[Stored records]
Segment Open

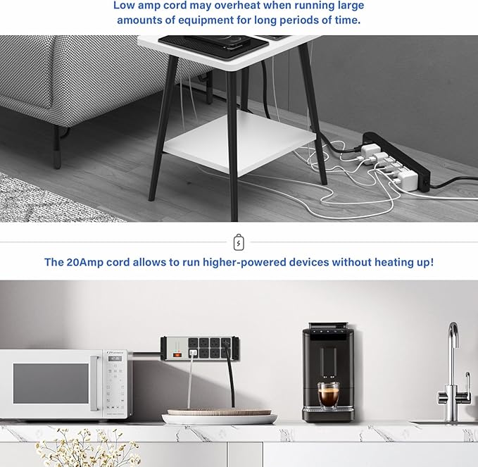 - 12 gauge 10ft heavy cord, rating: AC 20A 125V 2500w. If you are running a lot of equipment for long periods of time or fully loaded 15A equipment, and without overheating.
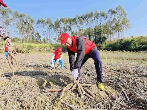 活动当天,志愿者们在农户的指导下,逐步掌握木薯从松土刨根、完整拔出、去泥理根到整齐归拢的采收方法,以及沃柑成熟度辨别、专业工具使用与轻巧剪摘的全套农作技巧。随后,志愿者们分工协作,默契配合:负责木薯采收的志愿者以锄头松土,将结实的木薯连根拔起、抖落泥土、整齐堆放;负责沃柑采收的志愿者则手持果剪,穿梭于果树之间,精准挑选成熟果实轻剪入筐。据统计,此次活动共协助农户采收木薯近八百斤、沃柑数筐。
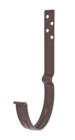 Крюк окрашен в коричневый цвет RAL 8017, что позволяет ему гармонично вписаться в любой экстерьер и сочетаться с другими элементами водосточной системы.
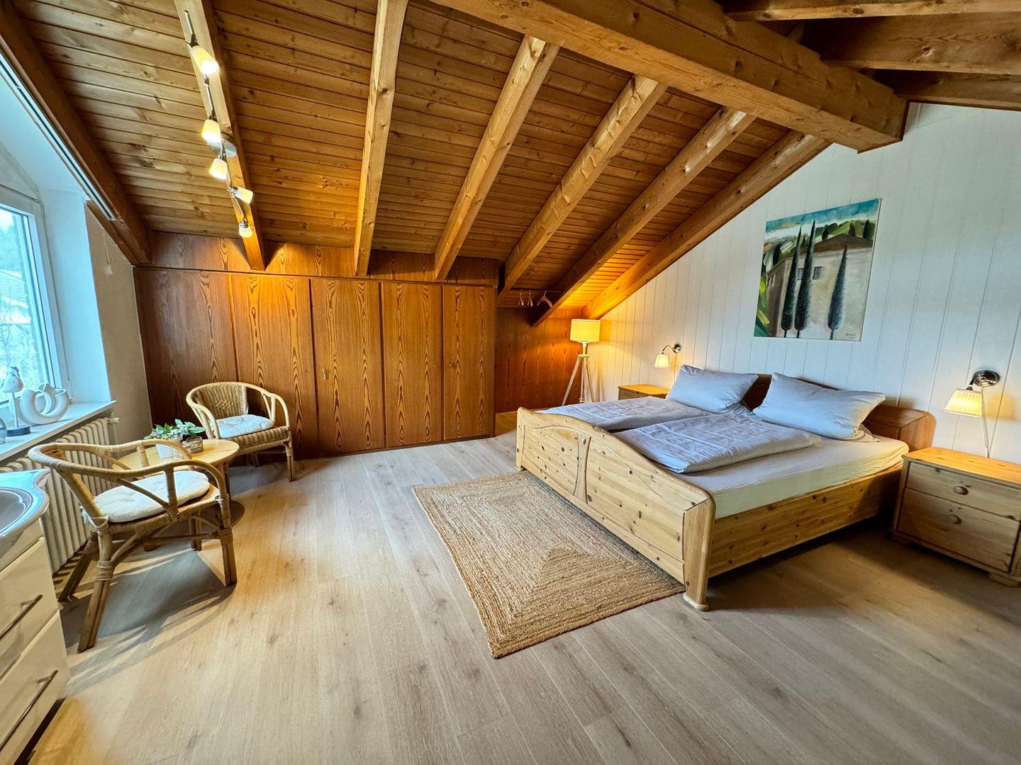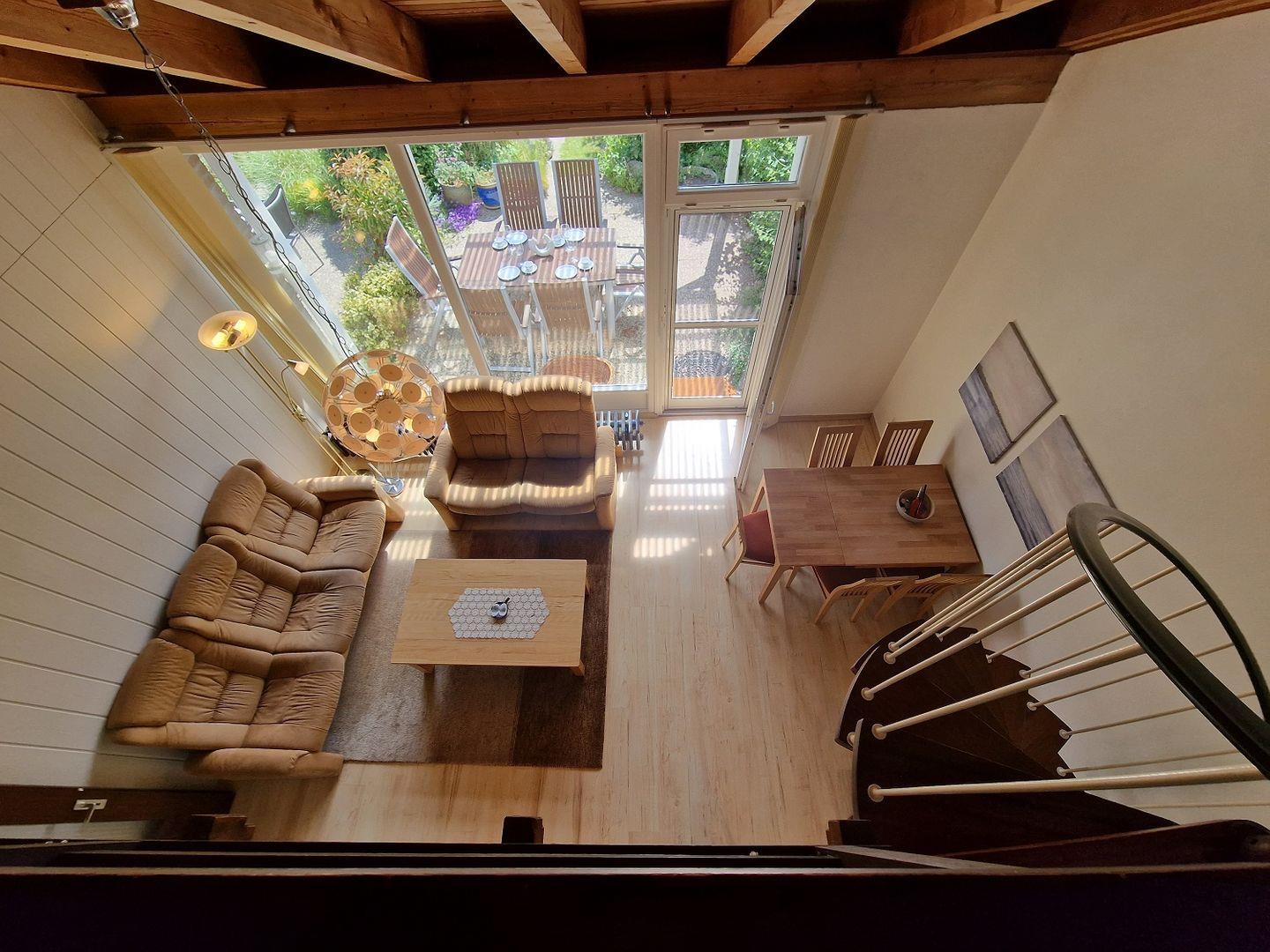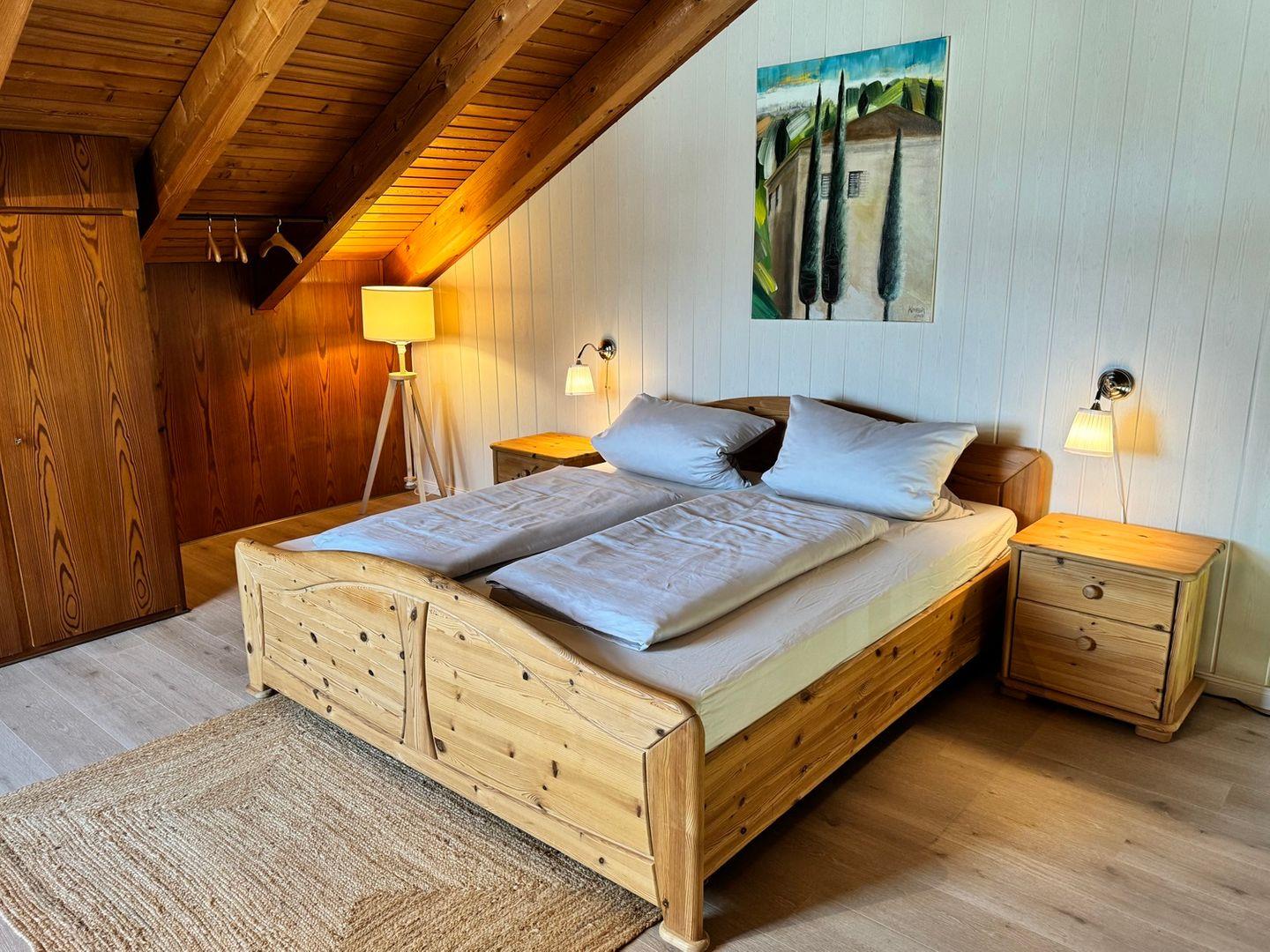 Die Wohnung verfügt über zwei Schlafzimmer, die für eine optimale Privatsphäre sorgen. Das erste Schlafzimmer ist über eine ansprechende Wendeltreppe vom Wohnbereich aus zugänglich. Hier erwartet Sie ein gemütliches Doppelbett, das für erholsame Nächte nach einem erlebnisreichen Tag sorgt. Im zweiten Schlafzimmer im Erdgeschoss befinden sich zwei Einzelbetten, perfekt für Kinder oder Freunde. Beide Schlafzimmer bieten reichlich Stauraum für Kleidung und persönliche Gegenstände.
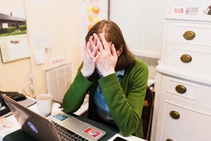 The image captures a woman sitting at her desk, her hands covering her face in a moment of distress. Soft, warm lighting illuminates her surroundings, enhancing a sense of isolation and emotional weight as clutter and a laptop frame her struggle with frustration and overwhelm.
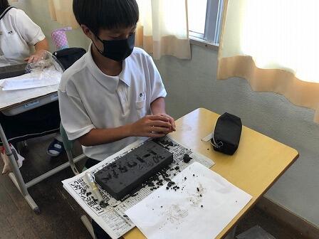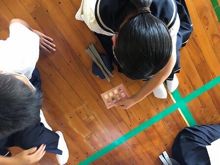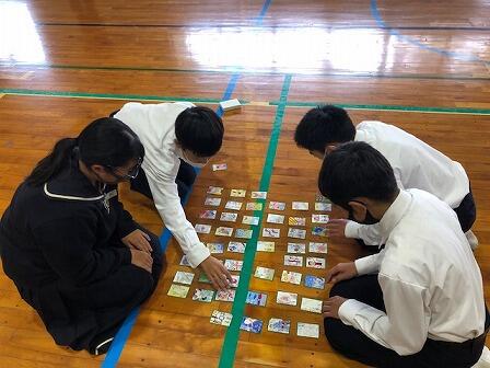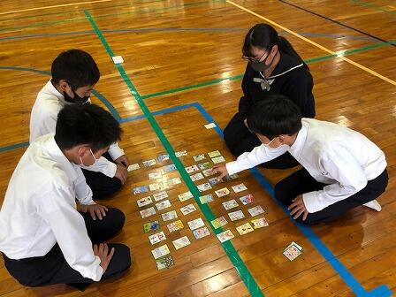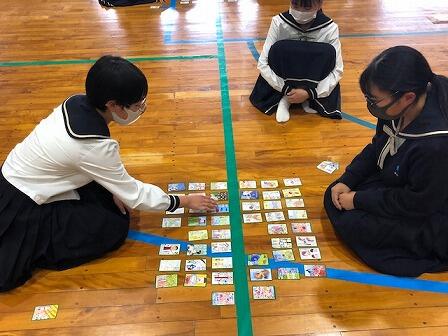 19日、くしま学カルタ大会校内予選会を行いました。クラスを7~8グループに分け対戦を行い、勝ち抜いた8名が代表として、市の大会に出場します。絵札に描かれたイラストの作者の兄弟姉妹も在籍しており、真剣に、楽しく札をとりあっていました。
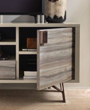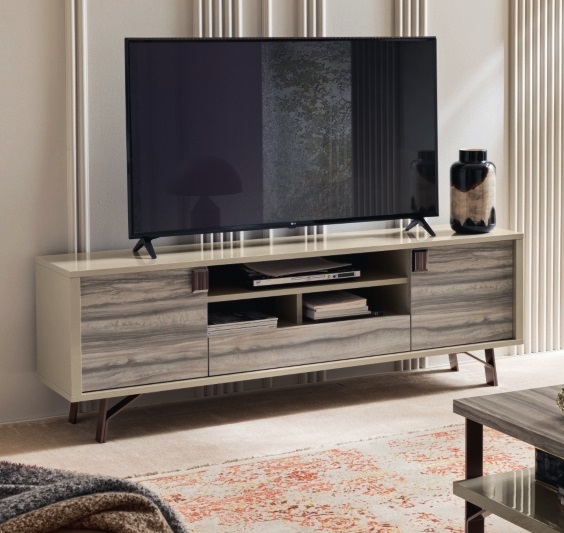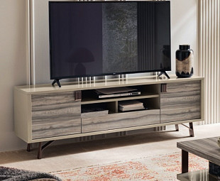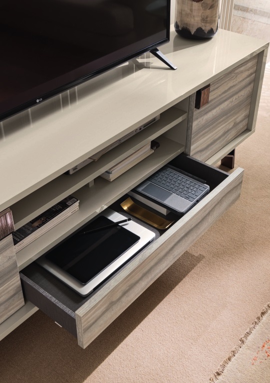В центральной части тумбы две открытые полки и выдвижной ящик.
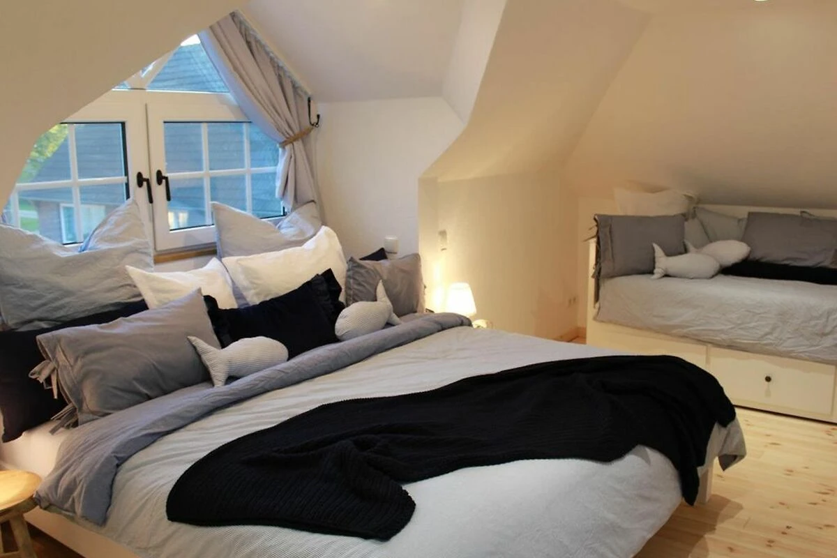 Das offene Wohnkonzept, Bad und Eingangsbereich besitzen eine Fussbodenheizung. Im ostfriesischen Butzenbett könnt Ihr stundelang lesen oder die Seele baumeln lassen. Die ansprechende Küche ist mit edlen Elektrogeräten und diversen Utensilien ausgestattet. Der Essbereich mit original Binsenstühlen und bequemen Esssofa am Gesindetisch kann jederzeit mit einem Kinderhochstuhl ergänzt werden. Im Wohnbereich wartet eine gemütliche Couch und der Ohrensessel gegenüber dem Flachbildfernseher und der Soundanlage mit Deckenlautsprechern. Einen Safe und auch allerlei Unterhaltsames beherbergt der eingebaute Wandschrank. Entspannung bietet im aussergewöhnlichen Bad die begehbare Regendusche. Im offenen und loftartigen Schlafbereich des Obergeschosses erwartet Euch ein heller Dielenholzfussboden. Neben einem grossen und komfortablen Doppelbett, gibt es zwei kuschelige Tagesbetten mit Matratzen, die bei Bedarf zu Doppelbetten ausgezogen werden können. Auf Eurer privaten Terrasse könnt Ihr die Sonne geniessen, den Abend mit einem Glas Wein ausklingen lassen oder Grillen.
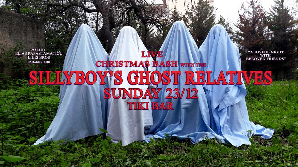 O Sillyboy και οι... Φαντασματένιοι του Συγγενείς θα γιορτάσουν το κλείσιμο τούτης της υπεργεμάτης και δημιουργικότατης χρονιάς με ένα Χριστουγεννιάτικο party με μουσικούς και όχι μόνο φίλους, την Κυριακή 23 Δεκεμβρίου στο Tiki Bar (Φαλήρου 15) και όλα δείχνουν οτι μας περιμένουν πανέμορφες εκπλήξεις...
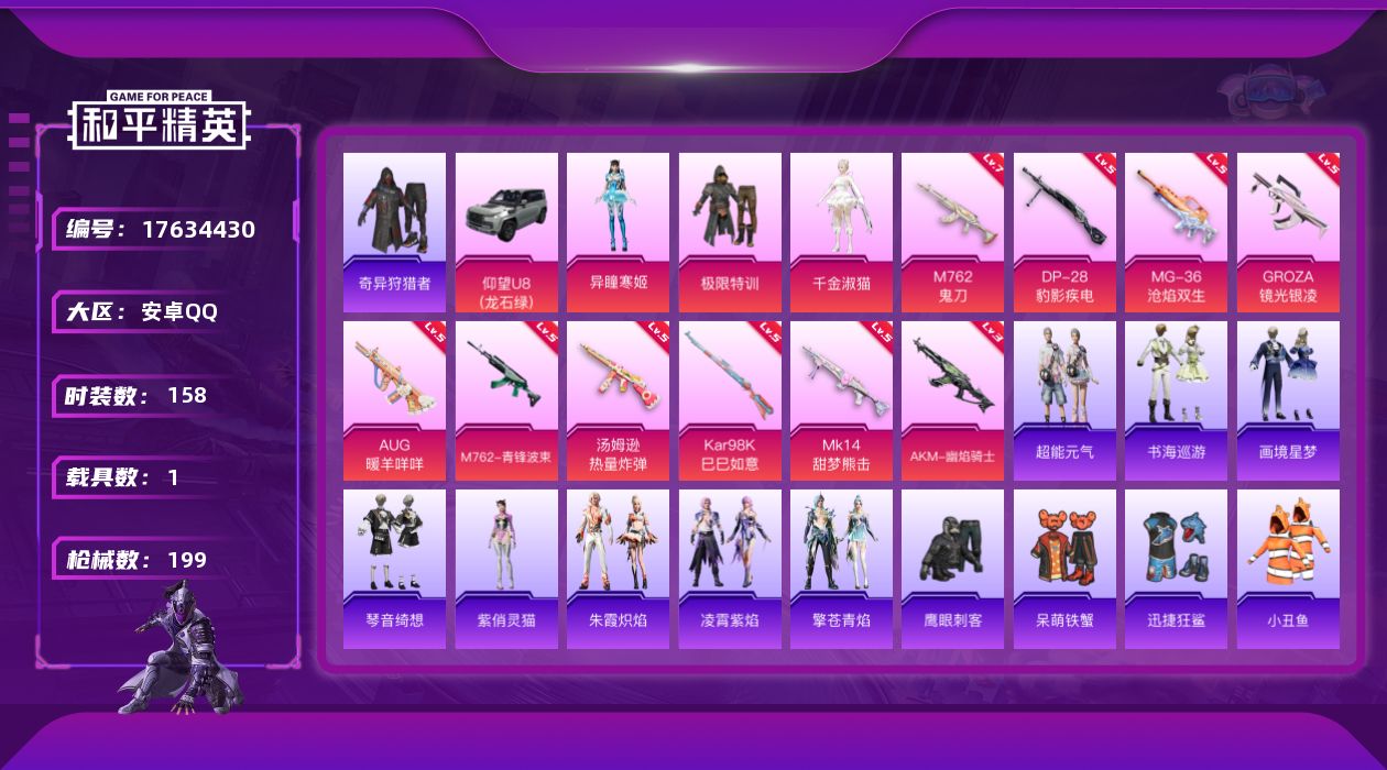 [17634430]安卓 手Q-3粉装-13特效枪-1载具-2粉色飞行器-58769热力值-9王牌印记-158套装-199枪皮 【热门品类】:套装-小丑鱼,套装-奇异狩猎者,套装-龟仙人,套装-暗影哥特,套装-红红火火 【粉色套装】:粉装-极限特训,角色-千金淑猫,角色-异瞳寒姬 【粉色枪皮等级】:AKM-幽焰骑士(三级),GROZA-镜光银凌(五级),AUG-暖羊咩咩(五级),M762-青锋波束(五级),M762-鬼刀(七级),汤姆逊-热量炸弹(五级),AKS-74U-森灵之息(五级),Kar98K-巳巳如意(五级),Mk14-甜梦熊击(五级),Mk14-福马献瑞(五级),AA12-G-萌骑幻想(三级),DP-28-豹影疾电(五级),MG-36-沧焰双生(五级) 【粉色载具】:仰望U8(龙石绿) 【粉色枪皮】:AKM-幽焰骑士,GROZA-镜光银凌,AUG-暖羊咩咩,M762-青锋波束,M762-鬼刀,汤姆逊-热量炸弹,AKS-74U-森灵之息,Kar98K-巳巳如意,Mk14-甜梦熊击,Mk14-福马献瑞,AA12-G-萌骑幻想,DP-28-豹影疾电,MG-36-沧焰双生 【粉色飞行器】:炫彩糖果飞行器,幽焰列车飞行器 【粉色降落伞】:幻影战神降落伞,拳皇·狂花道降落伞,BEARBRICK降落伞,幽焰骑士降落伞,千金淑猫降落伞,月影灵韵降落伞,星穹咏叹调降落伞,幻彩电音降落伞,无垠阁降落伞,异瞳寒姬降落伞,炫彩糖果降落伞 【稀有套装】:套装-龟仙人,套装-绒宝小鹅,套装-巳巳如意,套装-乐游熊熊,套装-超能元气,套装-雪国风尚,套装-炫彩糖果,套装-彩虹骑师,角色-罗莉,套装-马上有钱,套装-雏菊兔兔,套装-萝兰蝴蝶,套装-小熊娃娃,角色-狂花道·娜可露露,角色-狂花道·雅典娜,套装-先驱飞行员,套装-糖糖葫芦,套装-青团波波,套装-棉花软糖,角色-都市丽猫,角色-摩登魅猫,套装-燕燕于飞,套装-鱼渊荷华,套装-粉恋花,套装-紫幽梦,套装-蓝冰羽,套装-星渊小夜曲,套装-彩虹兔,套装-云朵鹅,套装-雪绒豹,套装-蓝海鲸歌,套装-朱霞炽焰,套装-凌霄紫焰,套装-擎苍青焰,角色-紫俏灵猫,套装-书海巡游,套装-画境星梦,套装-琴音绮想,套装-雨过天青,套装-红釉青花 【稀有枪皮】:AUG-冰晶雪宝,AKM-影袭,AKM-缤纷海域,AKM-龙的传人,SCAR-L-夜灯,SCAR-L-炫

Segment Closed

HOW TO COMPLETE THIS TASK:
Each line above is to be repeated exactly as written; no picture is carried over.

ANSWER:
 - 12 gauge 10ft heavy cord, rating: AC 20A 125V 2500w. If you are running a lot of equipment for long periods of time or fully loaded 15A equipment, and without overheating.
 活动当天,志愿者们在农户的指导下,逐步掌握木薯从松土刨根、完整拔出、去泥理根到整齐归拢的采收方法,以及沃柑成熟度辨别、专业工具使用与轻巧剪摘的全套农作技巧。随后,志愿者们分工协作,默契配合:负责木薯采收的志愿者以锄头松土,将结实的木薯连根拔起、抖落泥土、整齐堆放;负责沃柑采收的志愿者则手持果剪,穿梭于果树之间,精准挑选成熟果实轻剪入筐。据统计,此次活动共协助农户采收木薯近八百斤、沃柑数筐。
 Крюк окрашен в коричневый цвет RAL 8017, что позволяет ему гармонично вписаться в любой экстерьер и сочетаться с другими элементами водосточной системы.
 Die Wohnung verfügt über zwei Schlafzimmer, die für eine optimale Privatsphäre sorgen. Das erste Schlafzimmer ist über eine ansprechende Wendeltreppe vom Wohnbereich aus zugänglich. Hier erwartet Sie ein gemütliches Doppelbett, das für erholsame Nächte nach einem erlebnisreichen Tag sorgt. Im zweiten Schlafzimmer im Erdgeschoss befinden sich zwei Einzelbetten, perfekt für Kinder oder Freunde. Beide Schlafzimmer bieten reichlich Stauraum für Kleidung und persönliche Gegenstände.
 The image captures a woman sitting at her desk, her hands covering her face in a moment of distress. Soft, warm lighting illuminates her surroundings, enhancing a sense of isolation and emotional weight as clutter and a laptop frame her struggle with frustration and overwhelm.
 19日、くしま学カルタ大会校内予選会を行いました。クラスを7~8グループに分け対戦を行い、勝ち抜いた8名が代表として、市の大会に出場します。絵札に描かれたイラストの作者の兄弟姉妹も在籍しており、真剣に、楽しく札をとりあっていました。
В центральной части тумбы две открытые полки и выдвижной ящик.
 Das offene Wohnkonzept, Bad und Eingangsbereich besitzen eine Fussbodenheizung. Im ostfriesischen Butzenbett könnt Ihr stundelang lesen oder die Seele baumeln lassen. Die ansprechende Küche ist mit edlen Elektrogeräten und diversen Utensilien ausgestattet. Der Essbereich mit original Binsenstühlen und bequemen Esssofa am Gesindetisch kann jederzeit mit einem Kinderhochstuhl ergänzt werden. Im Wohnbereich wartet eine gemütliche Couch und der Ohrensessel gegenüber dem Flachbildfernseher und der Soundanlage mit Deckenlautsprechern. Einen Safe und auch allerlei Unterhaltsames beherbergt der eingebaute Wandschrank. Entspannung bietet im aussergewöhnlichen Bad die begehbare Regendusche. Im offenen und loftartigen Schlafbereich des Obergeschosses erwartet Euch ein heller Dielenholzfussboden. Neben einem grossen und komfortablen Doppelbett, gibt es zwei kuschelige Tagesbetten mit Matratzen, die bei Bedarf zu Doppelbetten ausgezogen werden können. Auf Eurer privaten Terrasse könnt Ihr die Sonne geniessen, den Abend mit einem Glas Wein ausklingen lassen oder Grillen.
 O Sillyboy και οι... Φαντασματένιοι του Συγγενείς θα γιορτάσουν το κλείσιμο τούτης της υπεργεμάτης και δημιουργικότατης χρονιάς με ένα Χριστουγεννιάτικο party με μουσικούς και όχι μόνο φίλους, την Κυριακή 23 Δεκεμβρίου στο Tiki Bar (Φαλήρου 15) και όλα δείχνουν οτι μας περιμένουν πανέμορφες εκπλήξεις...
 [17634430]安卓 手Q-3粉装-13特效枪-1载具-2粉色飞行器-58769热力值-9王牌印记-158套装-199枪皮 【热门品类】:套装-小丑鱼,套装-奇异狩猎者,套装-龟仙人,套装-暗影哥特,套装-红红火火 【粉色套装】:粉装-极限特训,角色-千金淑猫,角色-异瞳寒姬 【粉色枪皮等级】:AKM-幽焰骑士(三级),GROZA-镜光银凌(五级),AUG-暖羊咩咩(五级),M762-青锋波束(五级),M762-鬼刀(七级),汤姆逊-热量炸弹(五级),AKS-74U-森灵之息(五级),Kar98K-巳巳如意(五级),Mk14-甜梦熊击(五级),Mk14-福马献瑞(五级),AA12-G-萌骑幻想(三级),DP-28-豹影疾电(五级),MG-36-沧焰双生(五级) 【粉色载具】:仰望U8(龙石绿) 【粉色枪皮】:AKM-幽焰骑士,GROZA-镜光银凌,AUG-暖羊咩咩,M762-青锋波束,M762-鬼刀,汤姆逊-热量炸弹,AKS-74U-森灵之息,Kar98K-巳巳如意,Mk14-甜梦熊击,Mk14-福马献瑞,AA12-G-萌骑幻想,DP-28-豹影疾电,MG-36-沧焰双生 【粉色飞行器】:炫彩糖果飞行器,幽焰列车飞行器 【粉色降落伞】:幻影战神降落伞,拳皇·狂花道降落伞,BEARBRICK降落伞,幽焰骑士降落伞,千金淑猫降落伞,月影灵韵降落伞,星穹咏叹调降落伞,幻彩电音降落伞,无垠阁降落伞,异瞳寒姬降落伞,炫彩糖果降落伞 【稀有套装】:套装-龟仙人,套装-绒宝小鹅,套装-巳巳如意,套装-乐游熊熊,套装-超能元气,套装-雪国风尚,套装-炫彩糖果,套装-彩虹骑师,角色-罗莉,套装-马上有钱,套装-雏菊兔兔,套装-萝兰蝴蝶,套装-小熊娃娃,角色-狂花道·娜可露露,角色-狂花道·雅典娜,套装-先驱飞行员,套装-糖糖葫芦,套装-青团波波,套装-棉花软糖,角色-都市丽猫,角色-摩登魅猫,套装-燕燕于飞,套装-鱼渊荷华,套装-粉恋花,套装-紫幽梦,套装-蓝冰羽,套装-星渊小夜曲,套装-彩虹兔,套装-云朵鹅,套装-雪绒豹,套装-蓝海鲸歌,套装-朱霞炽焰,套装-凌霄紫焰,套装-擎苍青焰,角色-紫俏灵猫,套装-书海巡游,套装-画境星梦,套装-琴音绮想,套装-雨过天青,套装-红釉青花 【稀有枪皮】:AUG-冰晶雪宝,AKM-影袭,AKM-缤纷海域,AKM-龙的传人,SCAR-L-夜灯,SCAR-L-炫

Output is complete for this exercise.